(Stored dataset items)
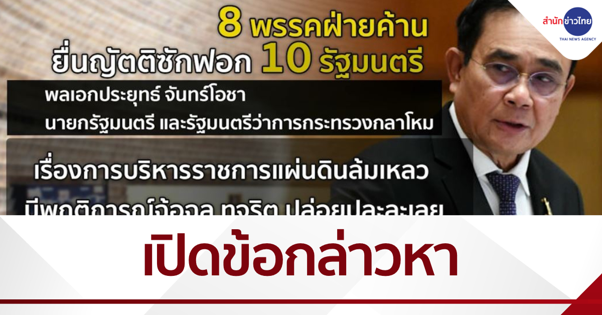 กรุงเทพฯ 25 ม.ค. – ฝ่ายค้านยื่นญัตติอภิปรายไม่ไว้วางใจรัฐมนตรี 10 คน อ้างเหตุบริหารราชการล้มเหลว มั่นใจในข้อมูลที่จะอภิปรายว่าน็อกรัฐบาล รวมถึงเอาผิดทางกฎหมายได้ด้วย.-สำนักข่าวไทย
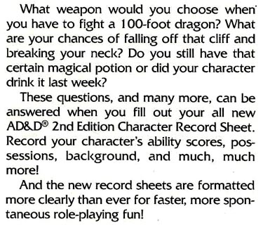 For sale is a booklet of Advanced Dungeons & Dragons Character Record Sheets. It was produced by TSR in 1989 and features a set of bound sheets ready to take on your legendary characters!
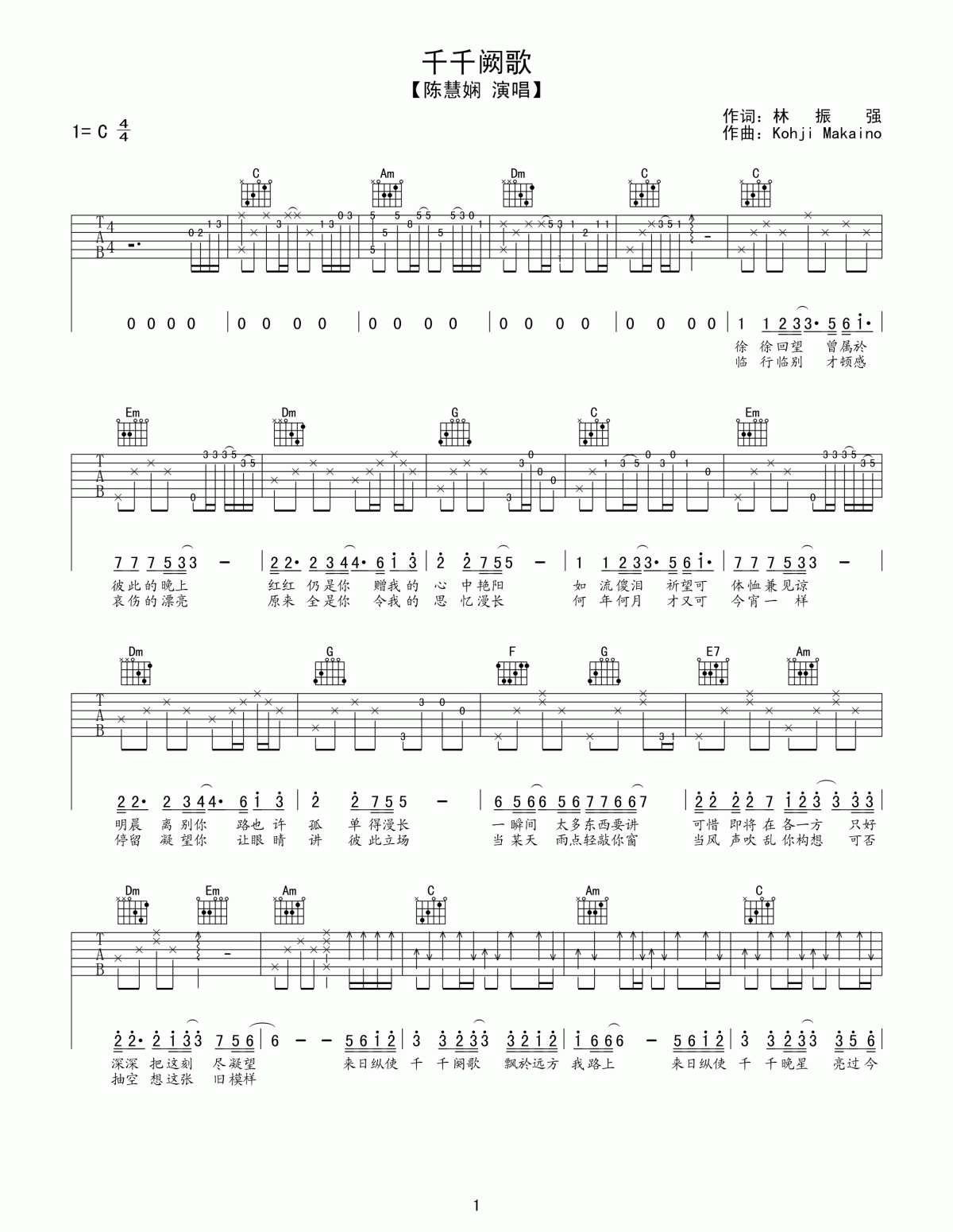 千千阙歌吉他谱 - 陈慧娴 - 吉他弹唱谱
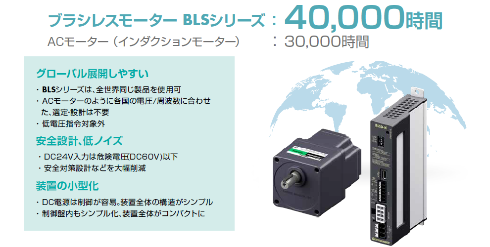 BLSシリーズは、全世界同じ製品を使用可能。ACモーターのように各国の電圧/周波数に合わせ
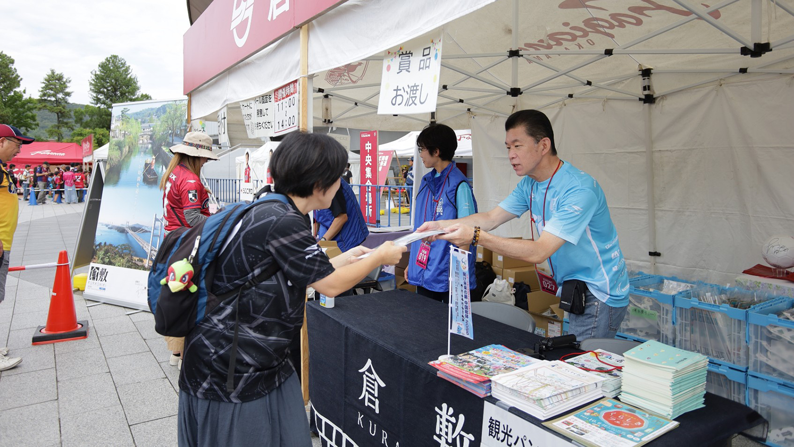 当日アンケートに回答いただいた方を対象とした抽選会を実施します。 選手サイン入りボールや選手サイン入り色紙、倉敷市の特産品であるマスキングテープや畳縁製品等が当たりますので奮ってご参加ください。 <抽選会景品> 1等 選手サイン入りボール(3名様) 2等 選手サイン入り色紙(10名様) 3等 マスクケース(20名様) 4等 マスキングテープ(100名様) 5等 畳縁コースター (150名様) 6等 畳縁キット(200名様) 7等 クリアファイル(めくりめくる)(360名様) ※先着順で景品がなくなり次第終了します ※16時より整理券を配布します。受け取った方はブース終了までにお戻りいただければ抽選会への参加が可能となります。

* **Work task**
Starting with the first line of the data, transcribe every line exactly through the one containing "BLSシリーズは、全世界同じ". No pictures go in.

* **Answer section**
 กรุงเทพฯ 25 ม.ค. – ฝ่ายค้านยื่นญัตติอภิปรายไม่ไว้วางใจรัฐมนตรี 10 คน อ้างเหตุบริหารราชการล้มเหลว มั่นใจในข้อมูลที่จะอภิปรายว่าน็อกรัฐบาล รวมถึงเอาผิดทางกฎหมายได้ด้วย.-สำนักข่าวไทย
 For sale is a booklet of Advanced Dungeons & Dragons Character Record Sheets. It was produced by TSR in 1989 and features a set of bound sheets ready to take on your legendary characters!
 千千阙歌吉他谱 - 陈慧娴 - 吉他弹唱谱
 BLSシリーズは、全世界同じ製品を使用可能。ACモーターのように各国の電圧/周波数に合わせ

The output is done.